If you can't find Intel's Joule developer boards in your country, it's because shipments have been held up.
Intel's Joule 570x and 550x are powerful computer boards that can be built as a PC, or be used to build robots, drones, or smart devices. But Intel is now seeking government certification so the boards can be cleared for shipment in those countries.
Joule shipments have currently been blocked in a number of countries, including Taiwan, Japan, and Israel, all of which have active technology markets where hobbyists design hardware.
Users that have ordered Joule boards from retailers abroad can't receive shipments in the blocked countries.
China is not listed on the page describing the blocked shipments, and Intel can ship and sell the device in Hong Kong.
Intel is currently going through the certification process in blocked countries, which may take some time. The Joule boards are on sale in countries like U.S. and Canada, where the certification process was quick.

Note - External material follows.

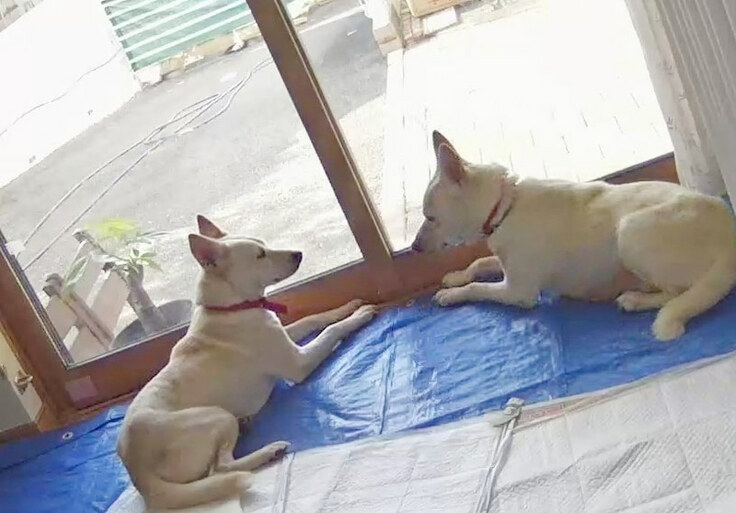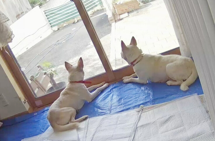 2匹仲良く並んで、お外を眺めています。

Device makers have to get certifications from the U.S. Federal Communications Commission and other regulatory agencies before putting hardware on sale. Some of the certifications depend on the communications technologies and materials used to make the board.
Intel couldn't provide a specific date on when Joule shipments will start in other countries. However, as the boards are certified in countries, shipments will start. Intel will keep its website updated to signify where the Joule boards are available, a company spokesman said.
Joule is similar to the Raspberry Pi 3 and targeted at hobbyists and device makers, but it is more powerful. It also has features not found on Raspberry Pi 3 like 4K video and 802.11ac Wi-Fi. The boards are based on Atom x86 processors.
The first Joule to go on sale was the 570x, back in August. It is priced at US $219 on Mouser. Recently, the 550x went on sale for $179. The boards can also be bought with development kits, but that costs more.